Abstract
Cathepsins are the major lysosomal proteases that maintain intracellular homeostasis. Herein, we investigated the alterations in myocardial cathepsin expression during aging, cardiac hypertrophy, and sudden cardiac death (SCD). Cardiac tissue and blood were sampled from autopsy cases. Subjects were classified into three groups: SCD with cardiac hypertrophy (SCH), compensated cardiac hypertrophy (CCH), and control.
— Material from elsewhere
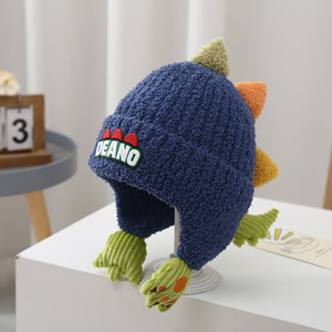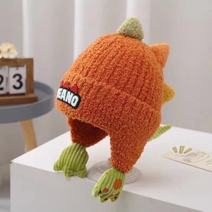 儿童帽子秋冬季护耳针织帽加厚宝宝套头帽恐龙男童女童保暖毛线帽
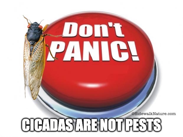 Reason #1: An emergence of periodical cicadas is not an “invasion.” Cicadas are not body snatchers. They aren’t even classified as pests, and they never need pesticides. They don’t eat plants, they don’t bite or sting. They are harmless, native, and weirdly cute bugs just trying to do their thing for a few days every 13 years. Their thing: emerge, fly, sing, mate, lay eggs, die.

Immunoblotting was performed for the major cardiac cathepsins and their targets: cathepsin B, D, and L (CTSB/D/L), p62, ATP synthase subunit c (ATPSC), and α-synuclein (ASNC). Immunohistochemical analysis and ELISA using serum samples were performed for CTSD. Cardiac CTSB and CTSD were upregulated with age (r = 0.63 and 0.60, respectively), whereas the levels of CTSL, p62, ATPSC, and ASNC remained unchanged. In age-matched groups, cardiac CTSD was significantly downregulated in SCH (p = 0.006) and CTSL was moderately downregulated in CCH (p = 0.021); however, p62, ATPSC, and ASNC were not upregulated in cardiac hypertrophy. Immunohistochemistry also revealed decreased myocardial CTSD levels in SCH, and serum CTSD levels were relatively lower in SCH cases. Overall, these results suggest that upregulation of cardiac CTSB and CTSD with age may compensate for the elevated proteolytic demand, and that downregulation of CTSD is potentially linked to SCH.
Introduction
The lysosome is a single-membrane cytoplasmic organelle with an acidic pH of approximately 4.0–5.0 and contains over 50 hydrolases [1]. Lysosomal proteolysis is essential for maintaining intracellular homeostasis, and cathepsins (CTSs) are the primary lysosomal proteases. CTSs are categorized into three types on the basis of the amino acid residues in their active site: serine CTSs (CTSA/G), cysteine CTSs (CTSB/C/F/H/K/L/O/S/V/W/X), and aspartic CTSs (CTSD/E) [2]. Alterations in CTS expression have been reported primarily in neurodegenerative diseases: CTSB and CTSD are upregulated in the brain during aging [3], Parkinson’s disease [4], and Alzheimer’s disease [5,6]. In contrast, cardiac CTS levels in heart failure (HF) display phase-dependent changes; CTSD is upregulated in the subacute phase after myocardial infarction and is downregulated in the chronic phase [7,8] and in the final stage of dilated cardiomyopathy [9]. Serum CTS levels are reportedly useful predictors of the prognosis of myocardial infarction [10–12]. However, alterations in cardiac CTS levels during aging and sudden cardiac death (SCD) are yet unclear.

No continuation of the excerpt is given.